The tank has had some changes to it recently so I'll have to upload new pictures but plant wise its doing pretty well. The algae has now been under control without manual removal so I'm very pleased with that. 

I have changed the substrate from the EBI Shrimp (No longer houses shrimps anymore) to a base layer of Osmocote then a layer of Peat Moss followed up by Cat Litter. The Ludwigia has been trimmed back due to the lower leaves melting away as they were grown out of water so it looks quite short now. It is still grow but very very slowly due to the low tech nature of my setup. The Staurogyne Repens has been removed as It was not doing as well as I hoped so I began growing what I salvaged emmersed. I have also removed the hairgrass due to the algae being very hard to clean off the plant back then and is replaced by Micro-Swords from my other shrimp tank. At the back left hand corner the Vallis has been removed for some Dwarf Sag which is doing very well. The only plant that is not doing too well after the change in substrate is the Pogostemon Helferi which is starting to get leggy but that due to poor levels of CO2 which is to be expected in a low tech tank so I'm not going to complain about that too much. I have also place an Anubias Nana Petite on the spot where the Riccia was tied to from the cherry shrimp tank as I could split the original plant into at least 5-6 different ones so I spread them across the tanks.

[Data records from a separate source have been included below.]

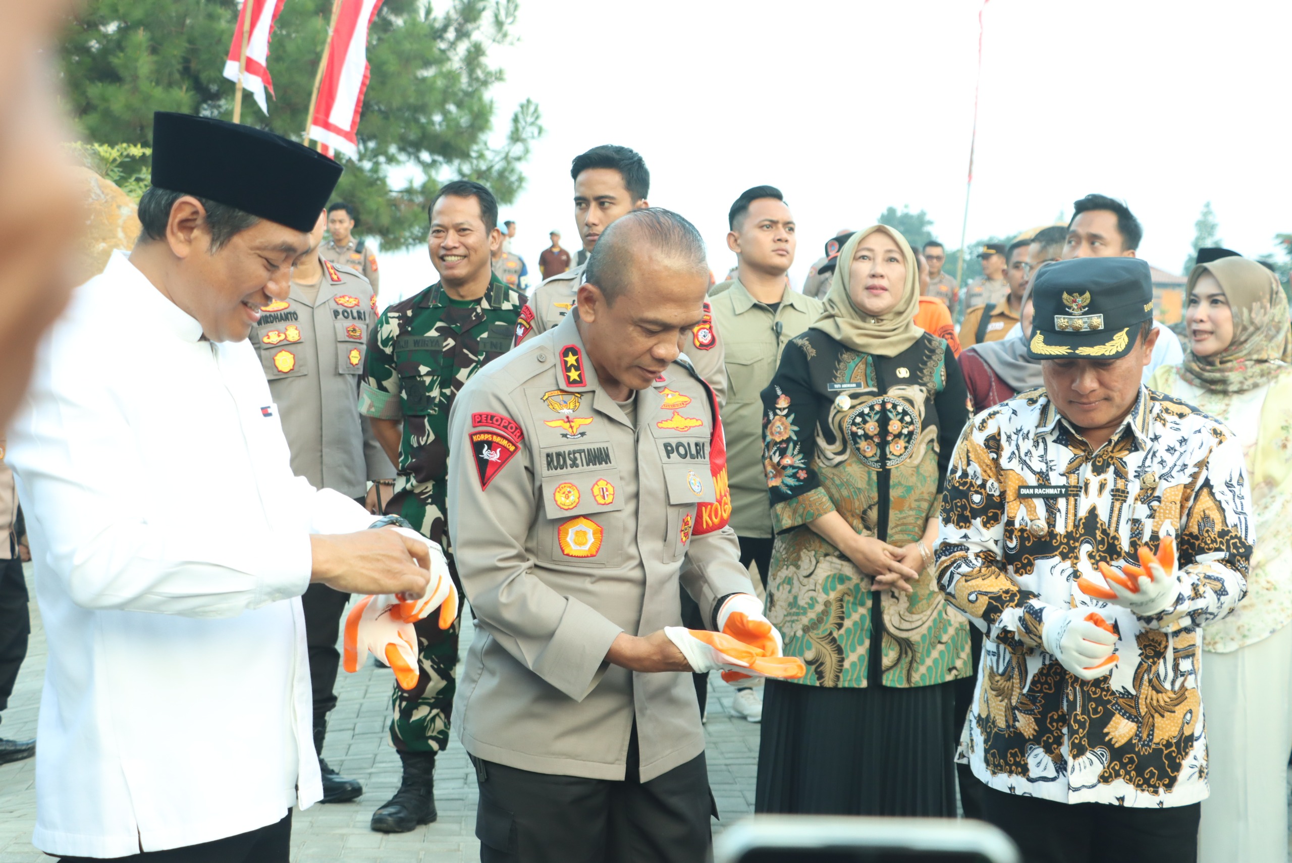 Kapolda Jawa Barat Irjen Pol. Rudi Setiawan, S.I.K., S.H., M.H., bersama Waka Polda Jabar Brigjen Pol. Adi Vivid A.B., S.I.K., M.Hum., M.S.M., Irwasda Polda Jabar Brigjen Pol. Rinto Prastowo, S.I.K., M.H., Anggota DPR RI sekaligus Direktur PT Puspita Group H. Rokhmat Ardiyan, M.M., serta Bupati Kuningan Dr. H. Dian Rachmat Yanuar, M.Si., melaksanakan penanaman bibit pohon Damar di kawasan Arunika Eatery, Kuningan. Kamis, (7/8/2025).Kegiatan ini digelar sebagai wujud kepedulian terhadap lingkungan dengan tujuan meningkatkan penghijauan sekaligus menjaga kelestarian alam. Penanaman pohon Damar dipilih karena memiliki daya serap karbon yang baik dan nilai estetika tinggi, sehingga diharapkan mampu memperindah lingkungan sekitar serta memberi manfaat ekologis jangka panjang.Kapolda Jabar dalam kesempatan tersebut menyampaikan bahwa upaya penghijauan tidak hanya menjadi tanggung jawab pemerintah, tetapi juga membutuhkan peran aktif masyarakat.“Melalui kegiatan ini, kita ingin mengajak semua pihak untuk lebih peduli terhadap alam demi generasi yang akan datang,” ujarnya, Jum’at (8/8/2025)Dengan penanaman pohon ini, diharapkan kawasan Kuningan semakin asri, sejuk, dan berkelanjutan sebagai paru-paru hijau bagi wilayah Jawa Barat.(Lia/Humas Polda Jabar)
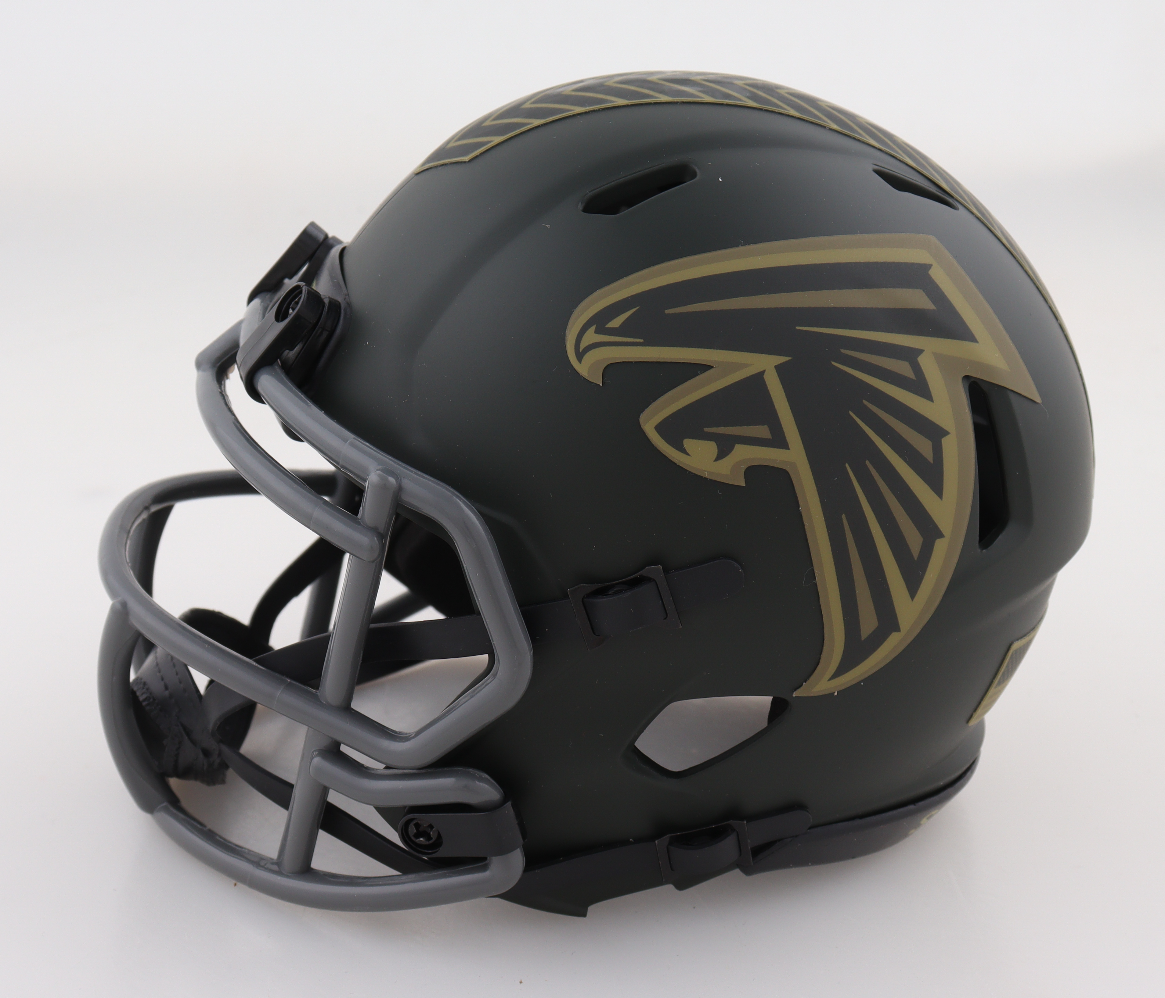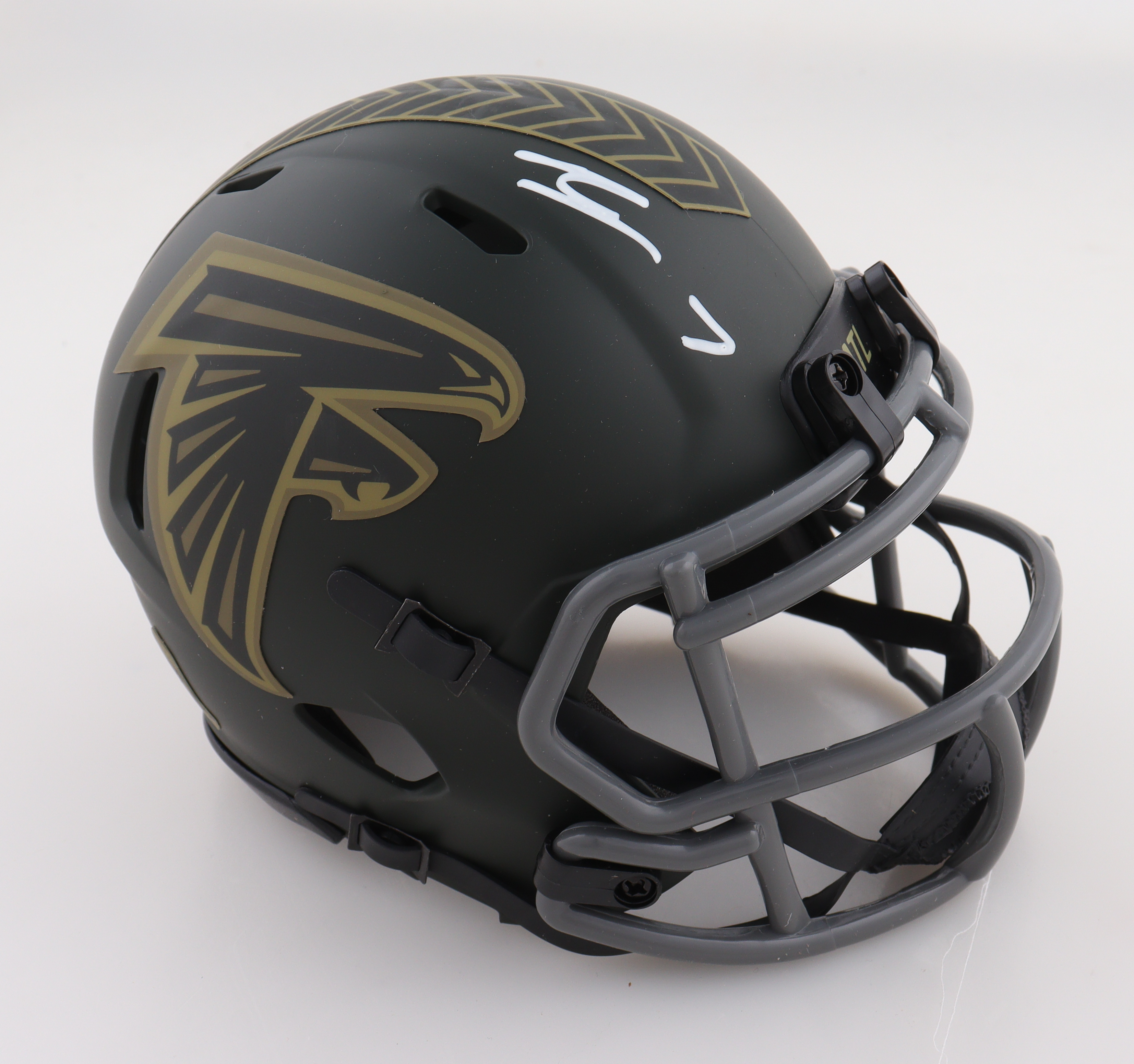 Riddell Atlanta Falcons Salute to Service Alternate Speed Mini Helmet. Hand-signed by Bijan Robinson.
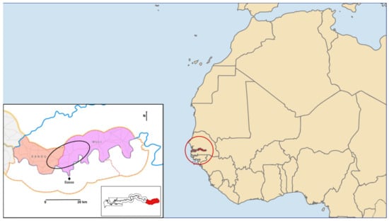 Figure 1. Study catchment area (circled in black) in the Upper River Region (red inset) of the Gambia (circled in red) in West Africa (main picture).
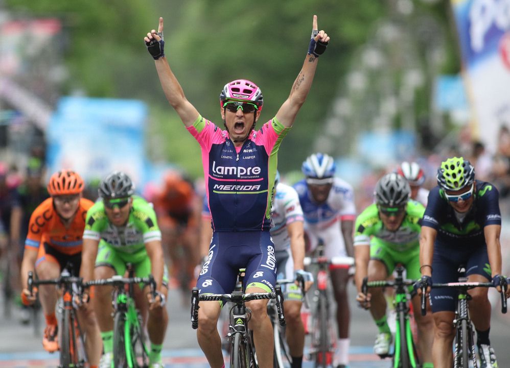 Diego Ulissi (Lampre) ha vinto la 7/a tappa del 98/o Giro d'Italia di ciclismo, da Grosseto a Fiuggi, la più lunga della corsa rosa 2015 con i suoi 264 chilometri. Alberto Contador ha conservato la maglia rosa di leader della classifica generale.
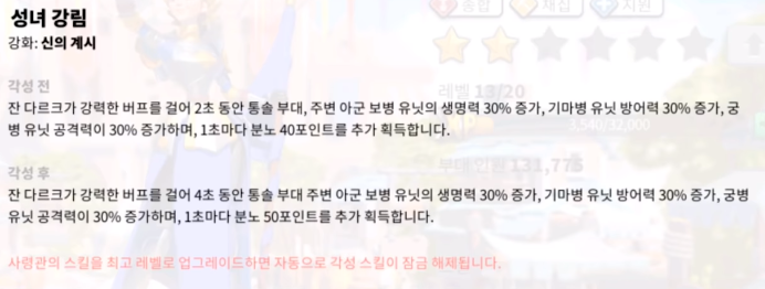 잔다르크를 스킬을 보시면 키워야되는 이유를 알게 되실겁니다.
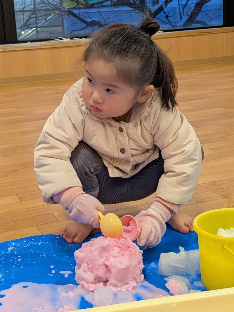 途中、保育士が子どもたちの前にえのぐで色を付けた雪を持ってくると
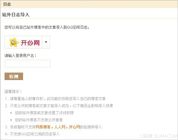 目前暫時只支持網(wǎng)易博客,人人網(wǎng),開心網(wǎng)的檢測和導入,但不支持QQ空間與QQ空間之間的互相導入。
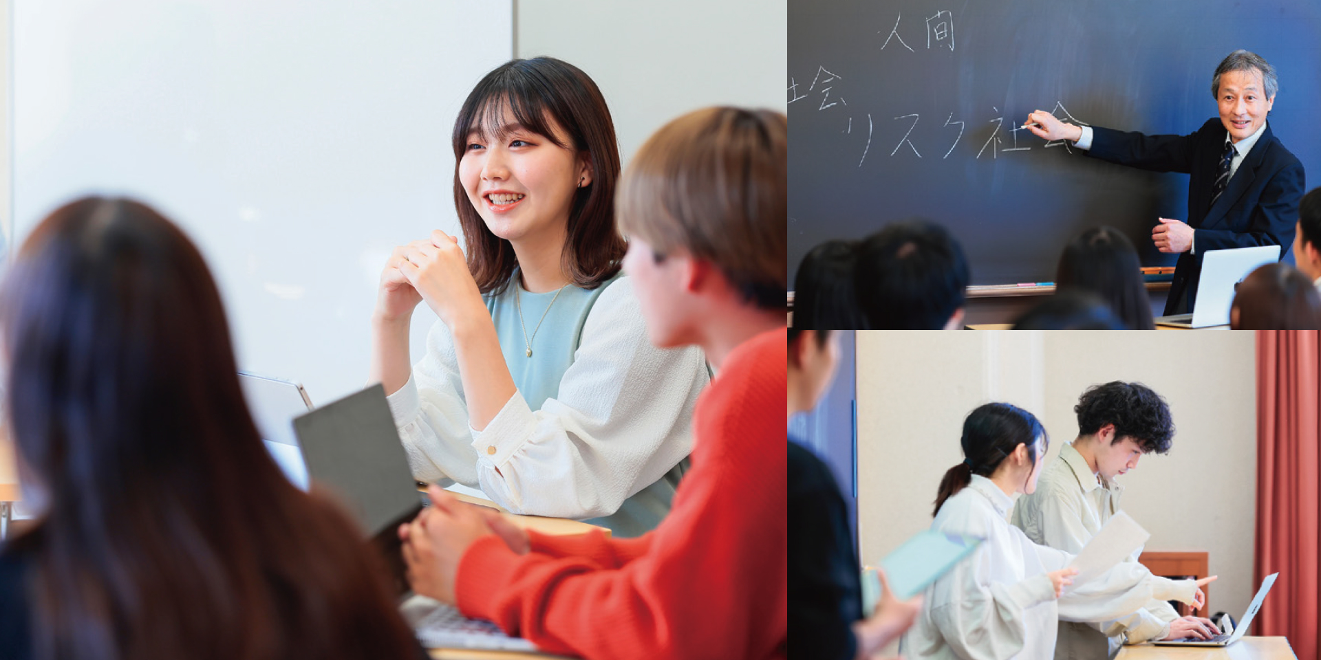 社会学は近代化と工業化の進む19世紀に誕生しました。自由で平等なはずの個人がいかにして社会秩序をつくるのか、また、なぜ貧困や劣悪な都市環境が発生するのかを、実証的に探究する学問が社会学です。それは「Society 5.0」であろうとも変わりません。社会学科では、社会学の理論や社会調査の技法を学ぶことで、社会のしくみや問題を見える化する力を身に付け、確かな根拠に基づいて社会に貢献する力を養います。階層や不平等、教育、ジェンダー、環境、労働、技術、地域、戦争、暴力、消費、社会運動etc.多様な領域の社会学に加え、社会福祉学科の講義の一部も履修することができます。

I'll see if I can post a few pictures of the tank later on today.Thanks for reading and replying 

Michael.


----------



## jimbo (17 Aug 2013)

I don't seem to be getting notifications alerts on here? Be good to see some updated pics of the tank, see how the tank has matured and changed now. I've been thinking about what substrates to use in preparation of my nano, I'll probably go with some sort of clay based stuff in black. Going to take my awhile longer yet to get everything together.


----------



## Greenfinger2 (31 Oct 2013)

Hi Michael,Fantastic  Your journal Is full of info too Exchanging ideas is what its all about


----------



## Michael W (1 Nov 2013)

Greenfinger2 said:


> Hi Michael,Fantastic  Your journal Is full of info too Exchanging ideas is what its all about


 

Thanks, I really have to update this tank it does look more dense now as time has passed.


----------



## Greenfinger2 (1 Nov 2013)

Hi Michael, Looking forward to your update


----------



## Bufo Bill (1 Nov 2013)

I'm always interested in a low tech tank, but especially a small one like this. Your plant list is much longer than I could manage, I'm not an experienced scaper really. Looking forward to seeing the plants grow in, so lots of lovely pictures please!
All the best from Bill.


----------



## tim (27 Dec 2013)

Any pics of this one now mate ?


----------



## Michael W (27 Dec 2013)

Tomorrow *I promise*, I have totally forgot about this. The dwarf Sag in this tank is crazy!


----------



## Michael W (28 Dec 2013)

tim said:


> Any pics of this one now mate ?


 
And as promised here are some photos, sorry for posting this quite late as I had to wait until its quite dark due to glares from the window even with curtains up.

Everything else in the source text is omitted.